[ABOUT THIS TASK]: Only the lines below starting at the one that contains "12-jam yang dipilih." and ending at the one that contains "- Two comfortable" are to be reproduced, exactly and with both ends kept.

[DATASET ENTRIES]:
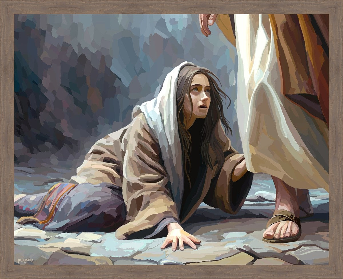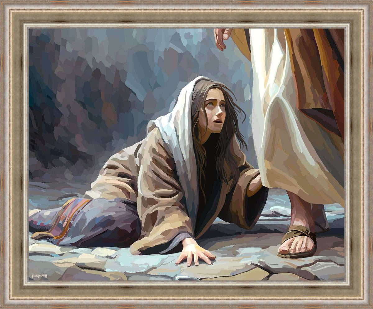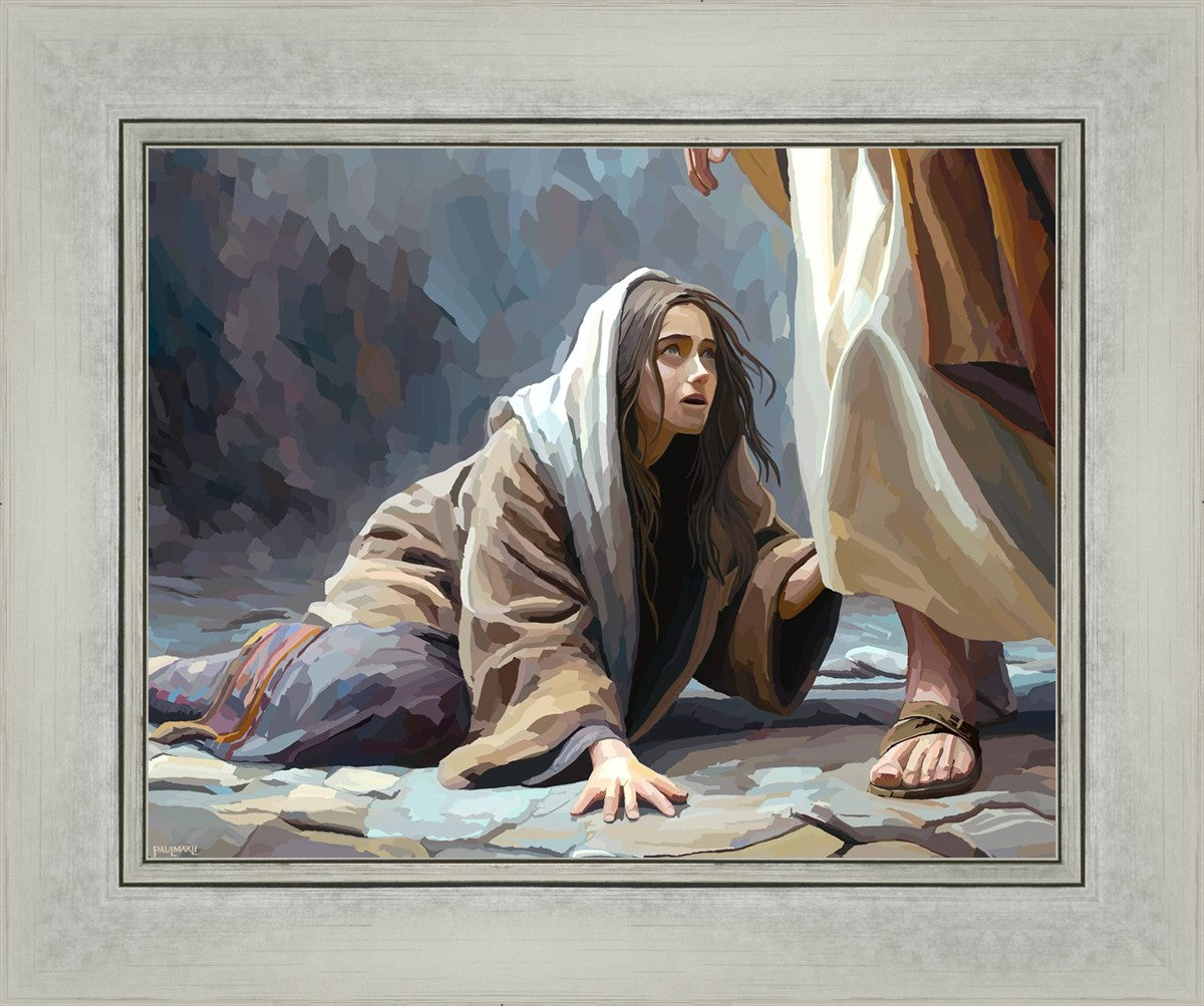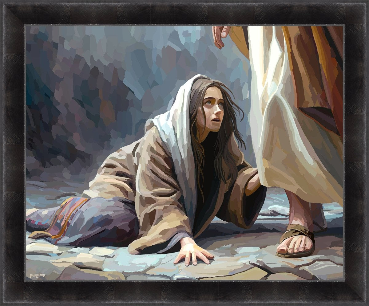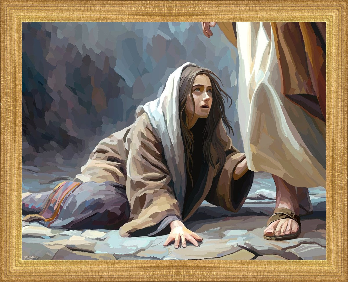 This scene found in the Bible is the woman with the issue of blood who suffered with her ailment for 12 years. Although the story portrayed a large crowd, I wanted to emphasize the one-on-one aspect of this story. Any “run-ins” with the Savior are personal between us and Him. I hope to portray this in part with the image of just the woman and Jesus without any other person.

---

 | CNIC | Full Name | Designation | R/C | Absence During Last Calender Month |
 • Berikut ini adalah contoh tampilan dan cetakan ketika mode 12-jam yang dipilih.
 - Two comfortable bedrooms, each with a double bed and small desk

[TASK ANSWER]:
 • Berikut ini adalah contoh tampilan dan cetakan ketika mode 12-jam yang dipilih.
 - Two comfortable bedrooms, each with a double bed and small desk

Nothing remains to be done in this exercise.